When is $\mathfrak{h}$ the derived algebra of some Lie algebra $\mathfrak{g}$?
This clearly imposes some constraints on $\mathfrak{h}$. For example, we know that derived algebras are solvable if and only if they are nilpotent, so if $\mathfrak{h}$ is solvable and not nilpotent, then it's not a derived algebra.
Is this the only obstruction to the existence of $\mathfrak{g}$?
If $\mathfrak{h}$ is perfect, then $\mathfrak{h}$ equals its own commutator subalgebra and hence is a derived algebra.
If $\mathfrak{h}=[\mathfrak{g},\mathfrak{g}]$ is solvable, then also $\mathfrak{g}$ is solvable, so that $[\mathfrak{g},\mathfrak{g}]$ is nilpotent. Then $\mathfrak{h}$ is nilpotent itself. For the nilpotent case we have still other obstructions. For some classes of nilpotent Lie algebras we can find an equivalent condition for the property that the given nilpotent Lie algebra is a derived algebra.
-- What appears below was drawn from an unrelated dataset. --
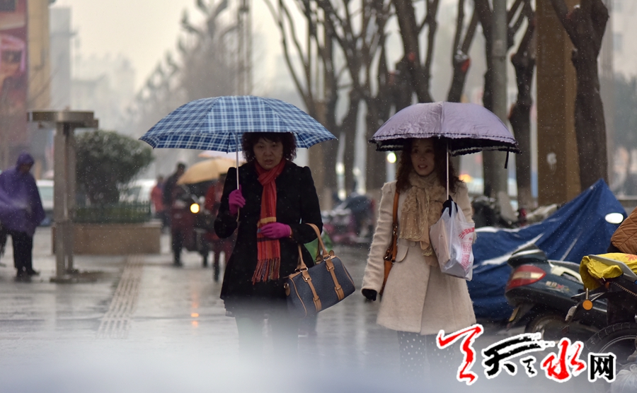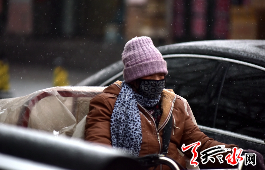 天天天水网讯(记者何永德)12月9日凌晨,受冷空气影响,天水市迎来“大雪”后首场有效降雪,把入冬以来以晴天模式为主的天气主导地位一下改变为降温降雪模式。大街上人们的着装一下进入了冬天的情景,棉衣、围巾等同时上阵。此次降雪不但迎来了真正意义上的冬天,而且有效地缓解了入冬以来的干燥气候。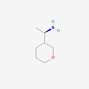 The mechanism of action of (1R)-1-(Tetrahydro-2H-pyran-3-YL)ethan-1-amine involves its interaction with specific molecular targets. These targets may include enzymes, receptors, or other proteins. The compound’s effects are mediated through binding to these targets, leading to changes in cellular processes and pathways.

As an example, a filiform nilpotent Lie algebra is not a derived algebra if and only if it is characteristically nilpotent (i.e., all derivations are nilpotent) - for details see here:
Derived series of Lie algebra in reverse
In dimension $n\le 6$ every nilpotent Lie algebra is a derived Lie algebra. For dimension $7$, it is easy to find filiform characteristically nilpotent Lie algebras. They cannot be a derived Lie algebra.